• _DIRECTIONS_: In the records below, the line with "With Regimental initials" and every line after it must be written out exactly; no pictures belong in the result.

───── DATA EXCERPTS ─────

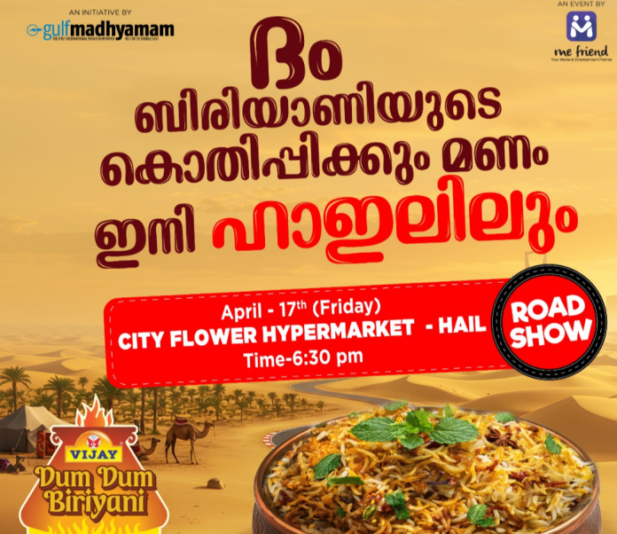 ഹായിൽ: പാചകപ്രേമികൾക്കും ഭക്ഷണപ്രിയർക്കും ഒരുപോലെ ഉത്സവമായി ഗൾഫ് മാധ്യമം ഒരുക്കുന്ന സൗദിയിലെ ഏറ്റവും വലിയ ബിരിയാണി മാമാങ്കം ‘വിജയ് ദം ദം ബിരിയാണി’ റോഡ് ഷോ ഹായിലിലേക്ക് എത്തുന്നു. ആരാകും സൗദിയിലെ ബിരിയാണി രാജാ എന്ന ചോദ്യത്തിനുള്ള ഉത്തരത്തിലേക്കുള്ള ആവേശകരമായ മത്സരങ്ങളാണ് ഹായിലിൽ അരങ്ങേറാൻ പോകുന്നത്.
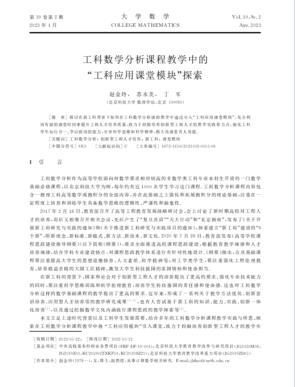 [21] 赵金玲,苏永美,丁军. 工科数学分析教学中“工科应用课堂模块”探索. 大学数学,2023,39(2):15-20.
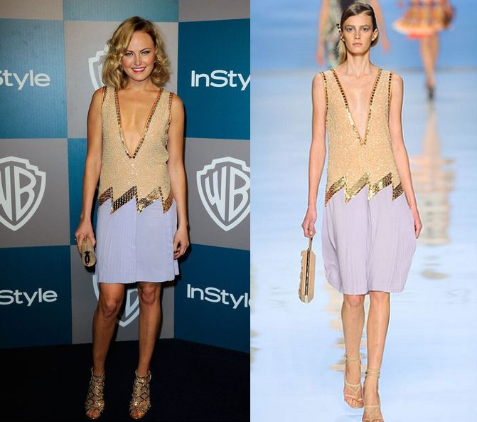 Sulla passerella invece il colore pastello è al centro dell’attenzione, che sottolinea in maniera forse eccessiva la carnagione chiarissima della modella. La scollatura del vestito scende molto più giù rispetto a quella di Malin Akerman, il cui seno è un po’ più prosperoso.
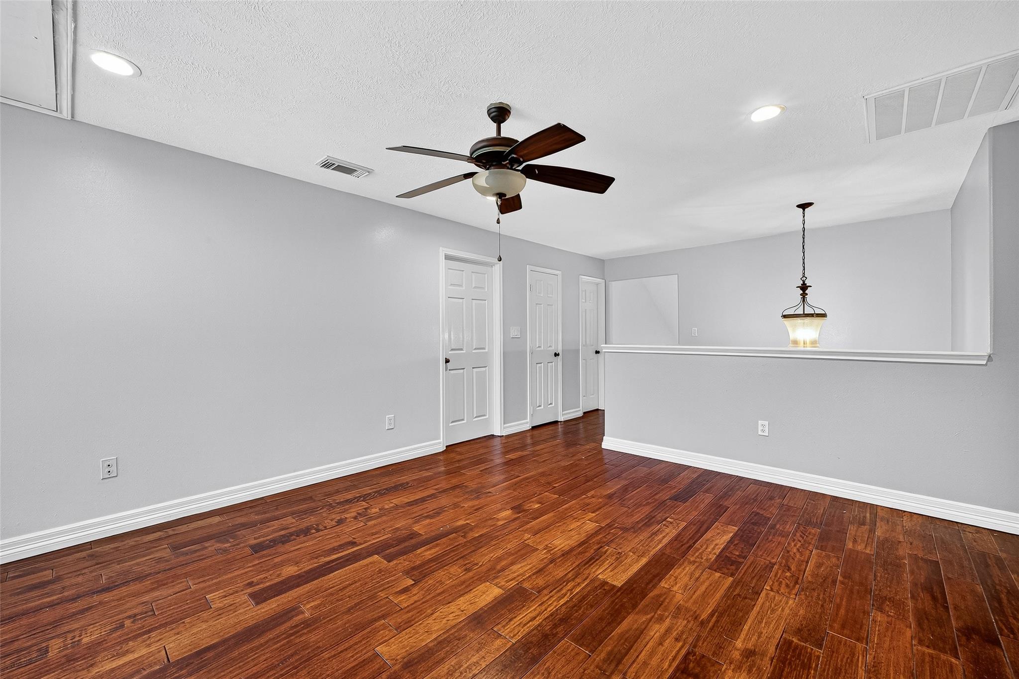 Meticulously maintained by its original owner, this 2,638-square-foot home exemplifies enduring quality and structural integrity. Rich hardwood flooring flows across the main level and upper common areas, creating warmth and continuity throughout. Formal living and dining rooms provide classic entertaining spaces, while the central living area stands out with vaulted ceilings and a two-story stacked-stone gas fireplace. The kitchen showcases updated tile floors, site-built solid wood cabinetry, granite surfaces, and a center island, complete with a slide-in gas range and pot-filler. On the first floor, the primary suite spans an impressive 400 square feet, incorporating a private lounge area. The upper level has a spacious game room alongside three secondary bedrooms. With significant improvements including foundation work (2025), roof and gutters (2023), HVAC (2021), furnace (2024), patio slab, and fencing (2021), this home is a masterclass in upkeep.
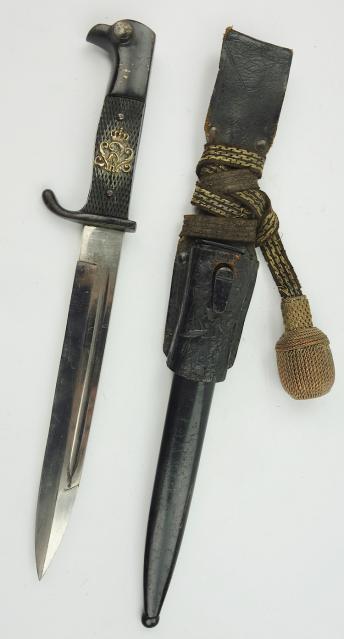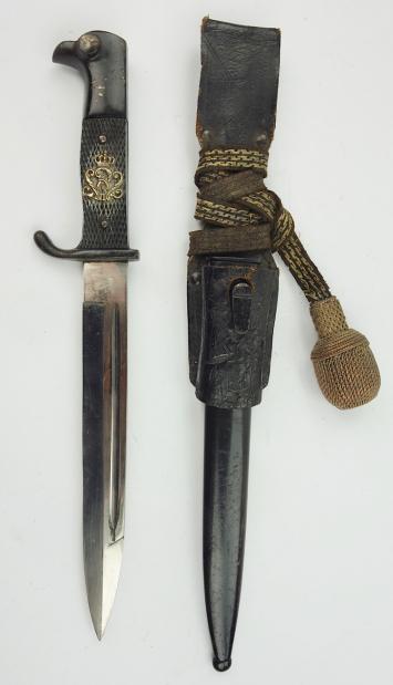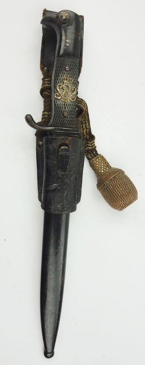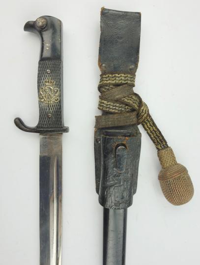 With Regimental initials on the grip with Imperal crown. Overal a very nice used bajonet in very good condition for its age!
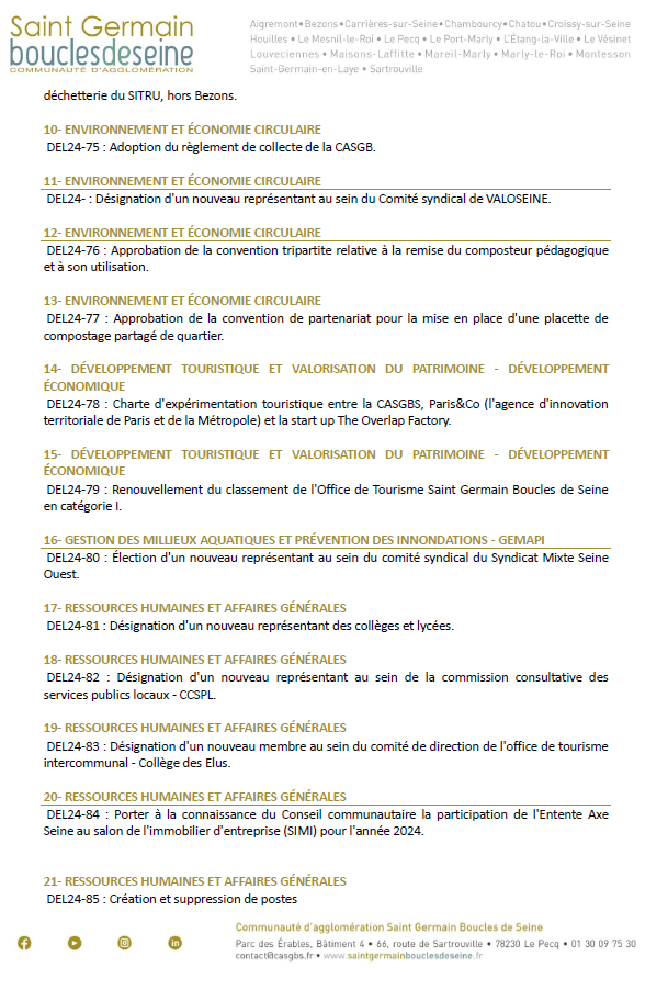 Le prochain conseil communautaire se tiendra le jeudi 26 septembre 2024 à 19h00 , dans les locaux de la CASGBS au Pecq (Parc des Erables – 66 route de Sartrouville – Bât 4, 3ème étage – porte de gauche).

─────

• _RESPONSE AREA_:
 With Regimental initials on the grip with Imperal crown. Overal a very nice used bajonet in very good condition for its age!
 Le prochain conseil communautaire se tiendra le jeudi 26 septembre 2024 à 19h00 , dans les locaux de la CASGBS au Pecq (Parc des Erables – 66 route de Sartrouville – Bât 4, 3ème étage – porte de gauche).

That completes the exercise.